From the quantitative data, we may conclude that the thermal relaxation time reduces the mechanical and thermo-optical waves along the axes. It is also noted that the behavior of waves in different physical fields depends on the speed of rotation of the medium. The new photo-thermoelasticity model allows heat to go through a medium at a finite velocity rather than an infinity-speed wave as in the case of the CPTE model. Compared to the PGN-III model, the extended MGTPT model more accurately describes the photo-thermoelastic process.
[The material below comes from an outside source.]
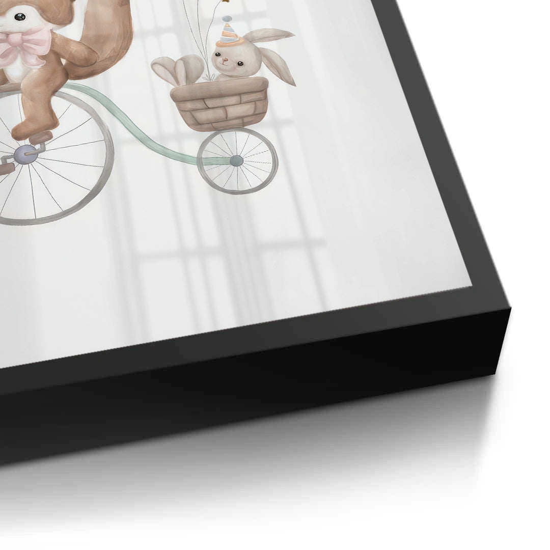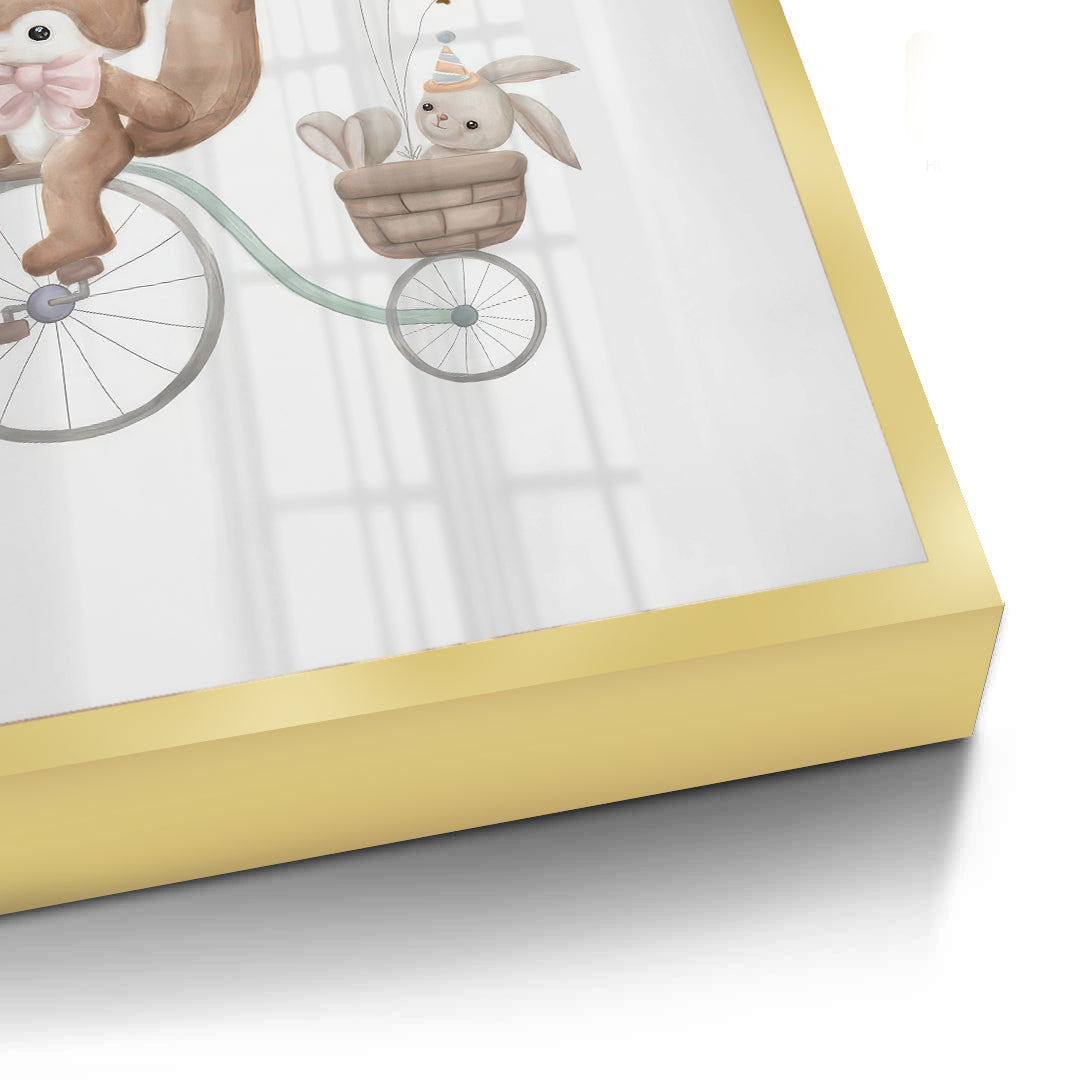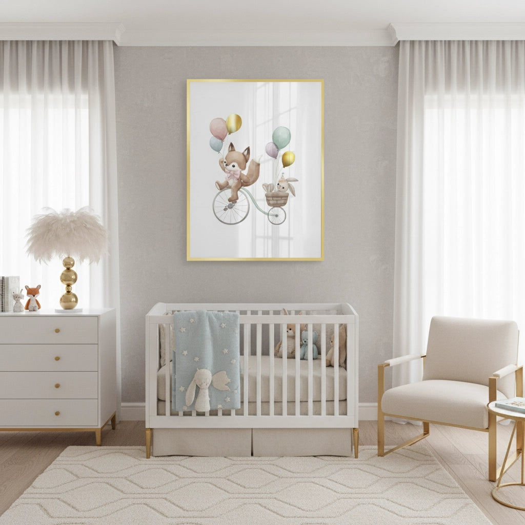 The absolutely enchanting Whimsical Woodland Friends print captures a joyous journey between a fox on a bicycle and a bunny riding in the basket. This delightful scene is elevated by the inclusion of shimmering metallic gold balloons, adding a touch of playful luxury to the whimsical charm. It's an ideal piece of statement art for a nursery or playroom in your Dubai home.

In contrast to previous generalized thermoelasticity models, the PGN-III model’s results show convergence with the conventional elasticity model (CPTE), which does not disappear quickly within the body.

Scientists working in fields, such as physics, material design, thermal efficiency, and geophysics will benefit greatly from the information presented in this study. The approach employed in this investigation can be used to address a variety of thermodynamic challenges.